Driving in the Matrix: Can Virtual Worlds Replace Human-Generated Annotations for Real World Tasks?
Matthew Johnson-Roberson, Charles Barto, Rounak Mehta, Sharath Nittur Sridhar, Karl Rosaen, Ram Vasudevan
TL;DR
The paper tackles the data annotation bottleneck in autonomous-driving vision by leveraging photo-realistic synthetic data generated from a GTA V-based pipeline to train object detectors. It demonstrates that a detector trained solely on synthetic labels (Faster-RCNN with VGG-16) can outperform a real-data-trained counterpart when evaluated on KITTI, especially as synthetic data volume increases. The authors provide a detailed data-capture and bounding-box refinement workflow, analyze dataset bias, and discuss the broader implications for scalable, label-free training in sensor-based recognition.

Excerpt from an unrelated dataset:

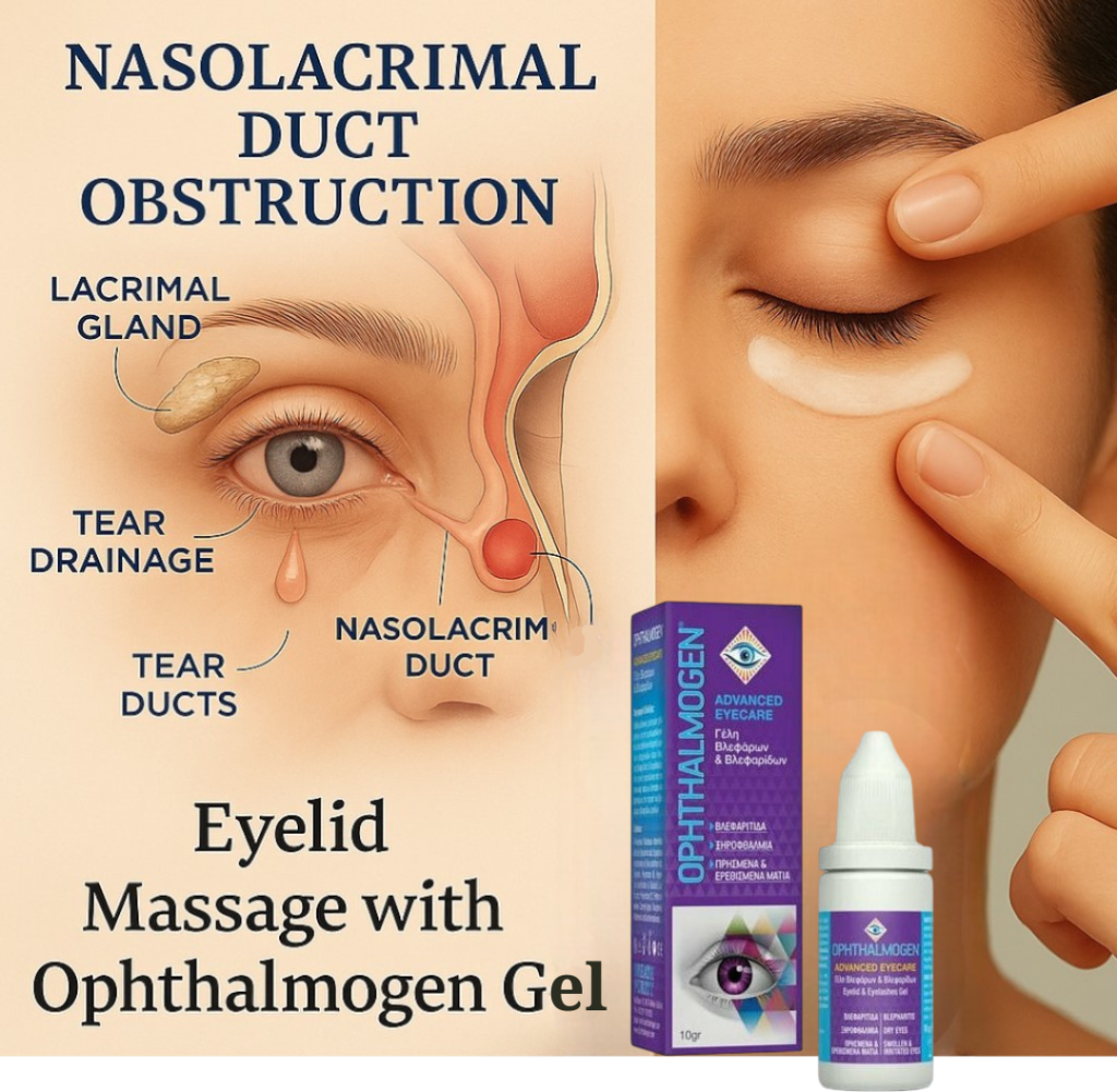 - Infants: Congenital obstruction affects 5–10% of newborns; in 90% it resolves spontaneously within the first year with massage & compresses.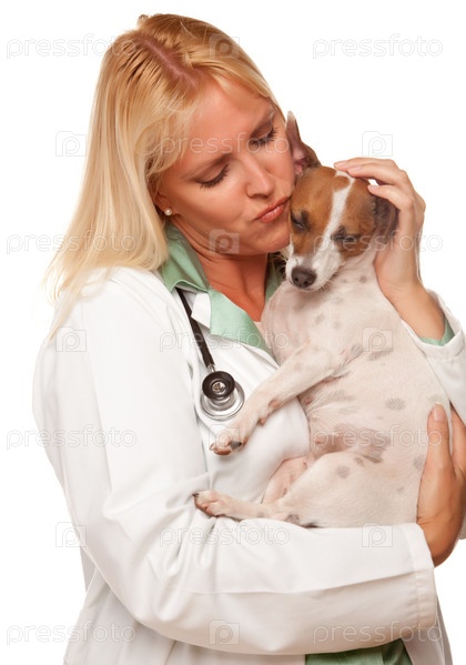 Привлекательная женщина-ветеринар с небольшим щенком

The work suggests that large-scale synthetic data, when properly annotated, can accelerate deep learning applications in perception without extensive human labeling. Overall, the study indicates a promising path toward domain-generalization and faster development cycles in self-driving perception systems.
Abstract
Deep learning has rapidly transformed the state of the art algorithms used to address a variety of problems in computer vision and robotics. These breakthroughs have relied upon massive amounts of human annotated training data. This time consuming process has begun impeding the progress of these deep learning efforts. This paper describes a method to incorporate photo-realistic computer images from a simulation engine to rapidly generate annotated data that can be used for the training of machine learning algorithms. We demonstrate that a state of the art architecture, which is trained only using these synthetic annotations, performs better than the identical architecture trained on human annotated real-world data, when tested on the KITTI data set for vehicle detection. By training machine learning algorithms on a rich virtual world, real objects in real scenes can be learned and classified using synthetic data. This approach offers the possibility of accelerating deep learning's application to sensor-based classification problems like those that appear in self-driving cars. The source code and data to train and validate the networks described in this paper are made available for researchers.